▶ _Exercise goal_: Your response to the data below should hold nothing except the lines from the one containing "Митч Лав активно" down to the one containing "2、买紫菜会赠送卷珠帘子,平", reproduced exactly and without pictures.

▶ _Record extracts_:

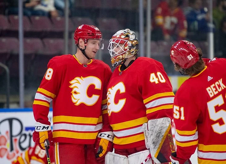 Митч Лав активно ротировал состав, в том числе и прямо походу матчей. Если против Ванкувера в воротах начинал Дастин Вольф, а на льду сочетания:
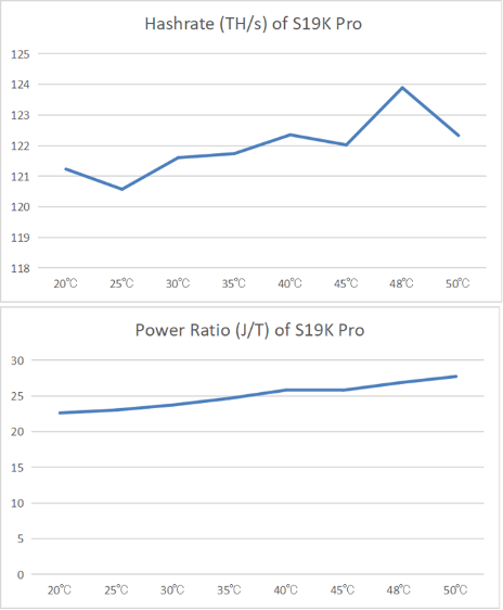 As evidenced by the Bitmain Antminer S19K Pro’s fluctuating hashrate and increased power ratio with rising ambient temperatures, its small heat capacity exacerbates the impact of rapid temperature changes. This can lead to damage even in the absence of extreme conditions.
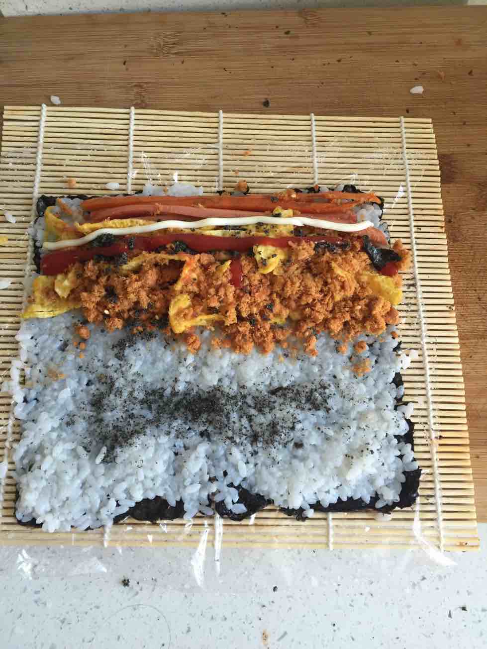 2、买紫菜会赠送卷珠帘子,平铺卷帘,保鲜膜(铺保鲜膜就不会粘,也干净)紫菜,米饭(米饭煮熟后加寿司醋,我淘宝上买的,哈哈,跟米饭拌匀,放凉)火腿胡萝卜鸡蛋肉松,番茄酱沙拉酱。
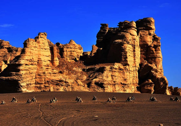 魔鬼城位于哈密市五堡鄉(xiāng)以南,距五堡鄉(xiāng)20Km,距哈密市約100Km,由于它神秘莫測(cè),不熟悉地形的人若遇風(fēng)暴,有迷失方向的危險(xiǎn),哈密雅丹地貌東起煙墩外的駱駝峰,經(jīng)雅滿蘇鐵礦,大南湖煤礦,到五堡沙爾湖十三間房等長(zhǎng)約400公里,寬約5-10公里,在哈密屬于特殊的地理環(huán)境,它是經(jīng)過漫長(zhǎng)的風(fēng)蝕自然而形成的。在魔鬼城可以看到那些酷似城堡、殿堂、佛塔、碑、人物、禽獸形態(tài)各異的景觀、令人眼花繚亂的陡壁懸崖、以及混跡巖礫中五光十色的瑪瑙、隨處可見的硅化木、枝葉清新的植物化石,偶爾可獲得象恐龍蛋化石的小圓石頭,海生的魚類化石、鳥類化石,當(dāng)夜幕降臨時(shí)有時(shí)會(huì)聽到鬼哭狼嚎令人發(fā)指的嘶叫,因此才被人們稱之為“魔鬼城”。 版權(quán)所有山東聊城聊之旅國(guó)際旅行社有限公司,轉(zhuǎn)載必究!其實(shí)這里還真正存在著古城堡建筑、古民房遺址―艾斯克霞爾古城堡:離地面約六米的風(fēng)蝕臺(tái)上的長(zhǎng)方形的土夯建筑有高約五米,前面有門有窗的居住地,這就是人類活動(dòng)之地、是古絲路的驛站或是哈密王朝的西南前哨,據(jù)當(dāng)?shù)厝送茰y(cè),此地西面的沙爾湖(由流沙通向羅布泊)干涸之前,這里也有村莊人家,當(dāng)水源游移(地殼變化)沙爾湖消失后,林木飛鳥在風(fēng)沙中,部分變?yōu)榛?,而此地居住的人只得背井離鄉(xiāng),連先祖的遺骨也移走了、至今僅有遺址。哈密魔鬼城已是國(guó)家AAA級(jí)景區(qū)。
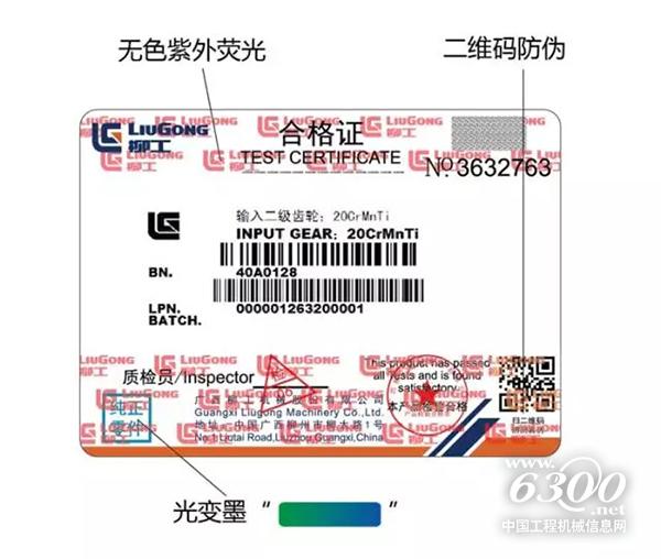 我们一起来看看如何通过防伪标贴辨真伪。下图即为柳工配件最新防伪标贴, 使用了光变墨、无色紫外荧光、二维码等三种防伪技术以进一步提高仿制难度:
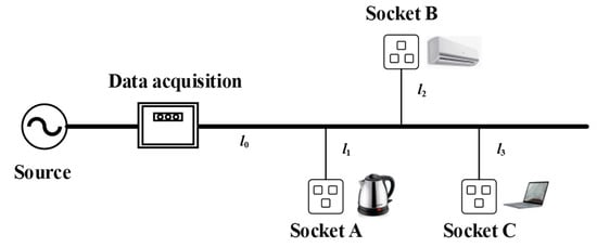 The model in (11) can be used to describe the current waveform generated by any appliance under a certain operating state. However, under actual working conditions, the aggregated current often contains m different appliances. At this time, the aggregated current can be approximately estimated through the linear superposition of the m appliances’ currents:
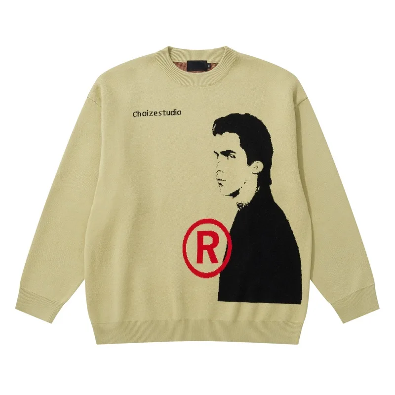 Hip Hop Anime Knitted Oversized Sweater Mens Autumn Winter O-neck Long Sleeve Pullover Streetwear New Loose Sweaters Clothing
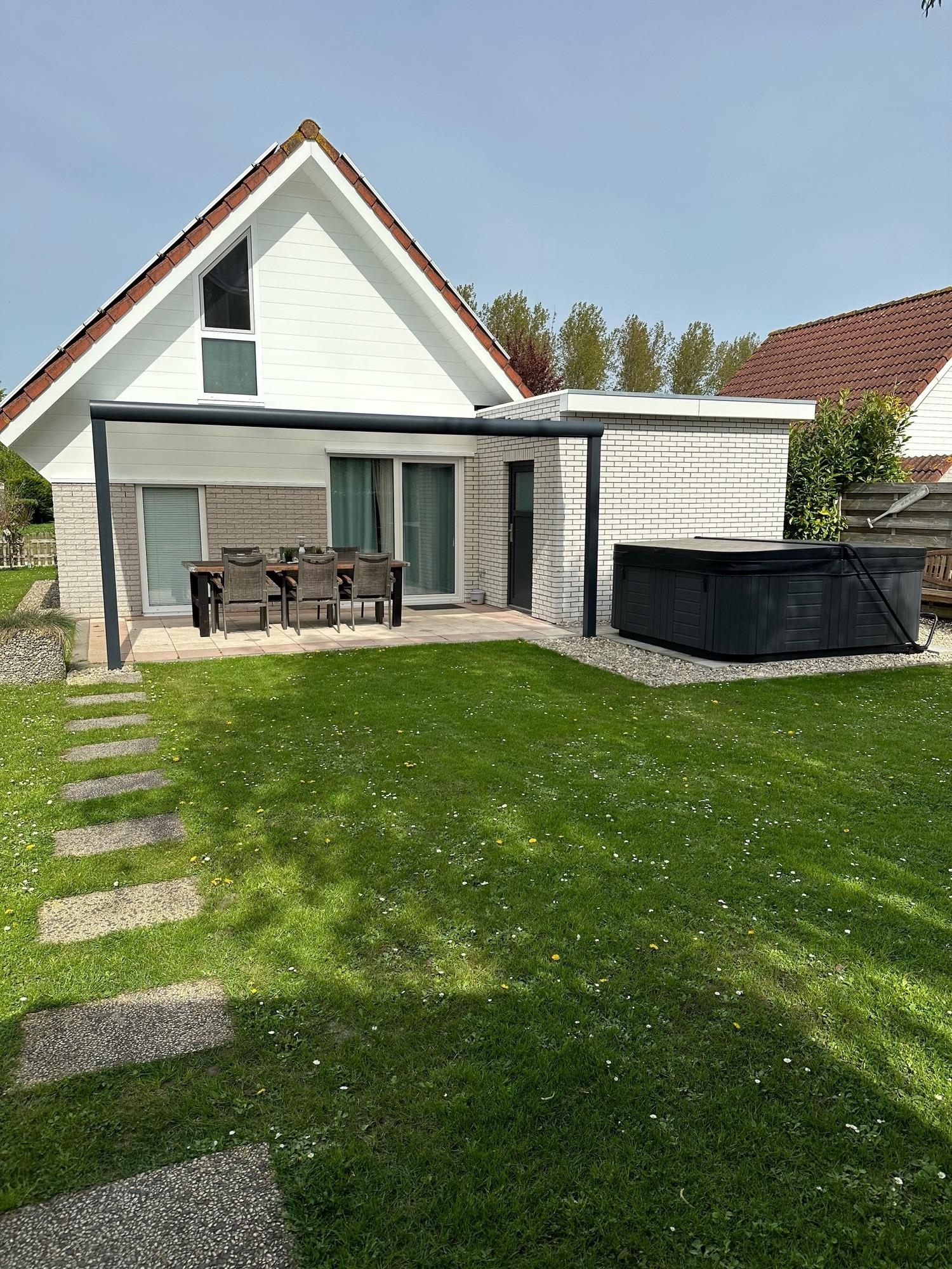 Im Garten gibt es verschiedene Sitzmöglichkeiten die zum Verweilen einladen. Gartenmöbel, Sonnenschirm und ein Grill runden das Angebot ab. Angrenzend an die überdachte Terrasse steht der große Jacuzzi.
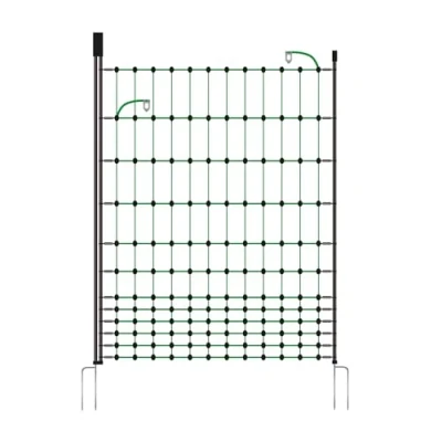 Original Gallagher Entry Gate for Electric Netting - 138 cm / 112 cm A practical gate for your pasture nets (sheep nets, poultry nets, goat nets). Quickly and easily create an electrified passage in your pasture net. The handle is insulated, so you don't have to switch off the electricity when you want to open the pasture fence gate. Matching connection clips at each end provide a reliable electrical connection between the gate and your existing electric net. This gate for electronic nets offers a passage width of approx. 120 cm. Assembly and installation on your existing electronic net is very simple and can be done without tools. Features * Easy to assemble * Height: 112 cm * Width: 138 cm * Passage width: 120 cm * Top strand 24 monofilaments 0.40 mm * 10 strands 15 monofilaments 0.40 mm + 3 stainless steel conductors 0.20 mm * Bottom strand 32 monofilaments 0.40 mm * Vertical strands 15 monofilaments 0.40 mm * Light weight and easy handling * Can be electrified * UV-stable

==

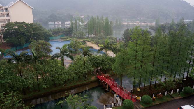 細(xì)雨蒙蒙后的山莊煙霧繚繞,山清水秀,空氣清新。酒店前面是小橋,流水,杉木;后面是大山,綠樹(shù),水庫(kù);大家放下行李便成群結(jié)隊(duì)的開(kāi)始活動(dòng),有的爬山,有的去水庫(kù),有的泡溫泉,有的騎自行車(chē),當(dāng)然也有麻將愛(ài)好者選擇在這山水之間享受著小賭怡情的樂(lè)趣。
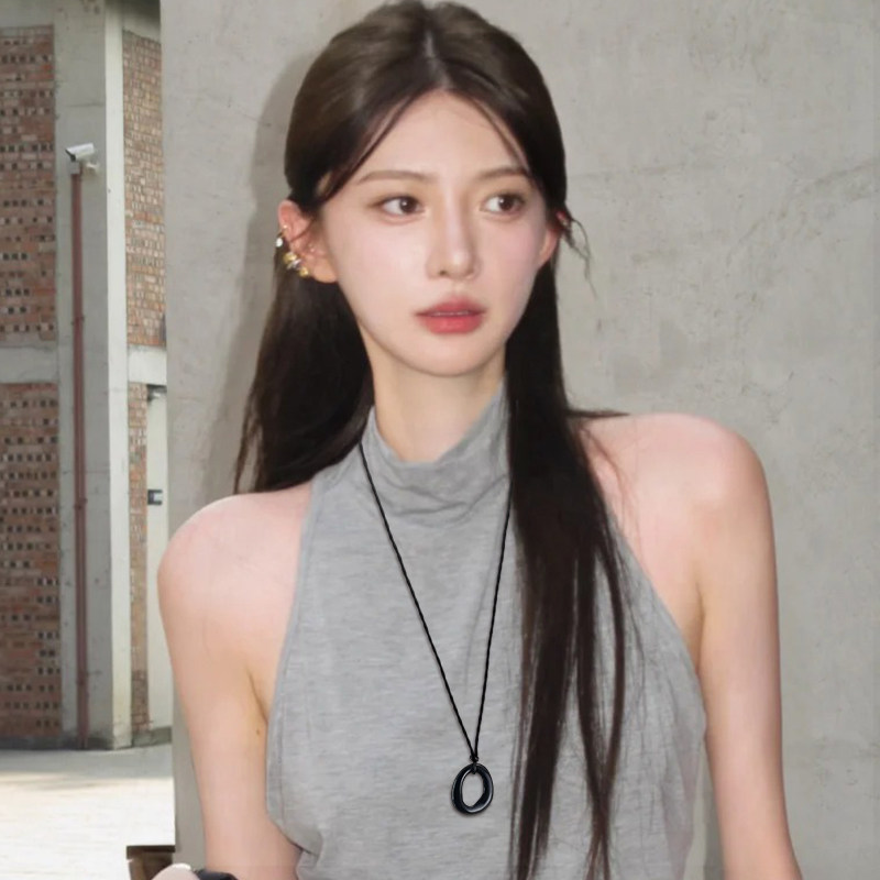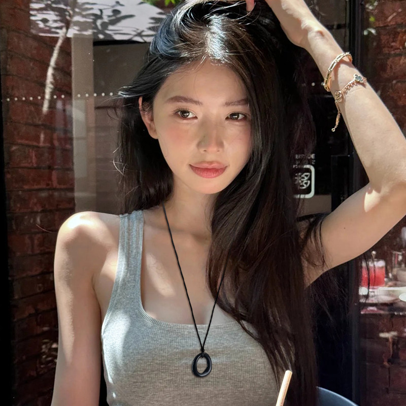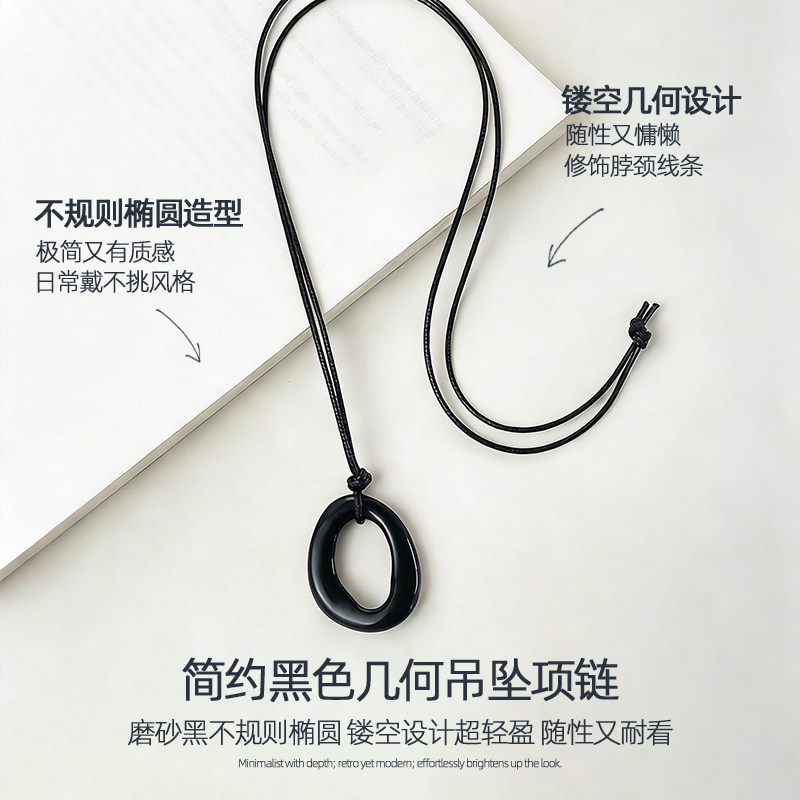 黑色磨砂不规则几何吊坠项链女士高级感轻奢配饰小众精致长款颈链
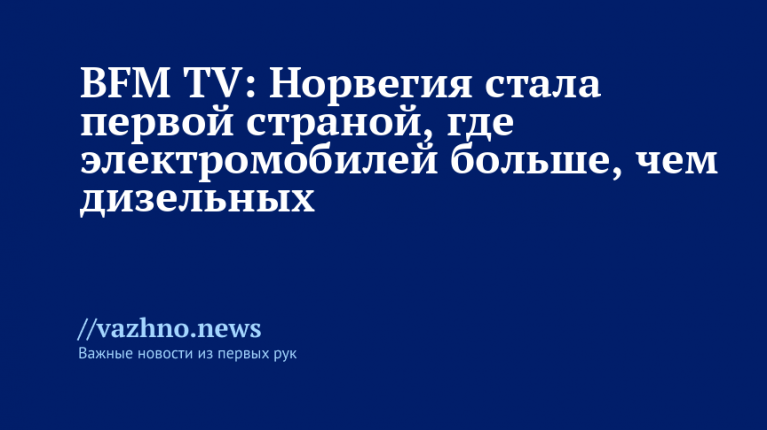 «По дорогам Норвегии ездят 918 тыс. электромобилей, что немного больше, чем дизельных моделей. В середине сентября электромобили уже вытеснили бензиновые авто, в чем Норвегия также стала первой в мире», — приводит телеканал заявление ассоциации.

▶ _Result of the exercise_:
 Митч Лав активно ротировал состав, в том числе и прямо походу матчей. Если против Ванкувера в воротах начинал Дастин Вольф, а на льду сочетания:
 As evidenced by the Bitmain Antminer S19K Pro’s fluctuating hashrate and increased power ratio with rising ambient temperatures, its small heat capacity exacerbates the impact of rapid temperature changes. This can lead to damage even in the absence of extreme conditions.
 2、买紫菜会赠送卷珠帘子,平铺卷帘,保鲜膜(铺保鲜膜就不会粘,也干净)紫菜,米饭(米饭煮熟后加寿司醋,我淘宝上买的,哈哈,跟米饭拌匀,放凉)火腿胡萝卜鸡蛋肉松,番茄酱沙拉酱。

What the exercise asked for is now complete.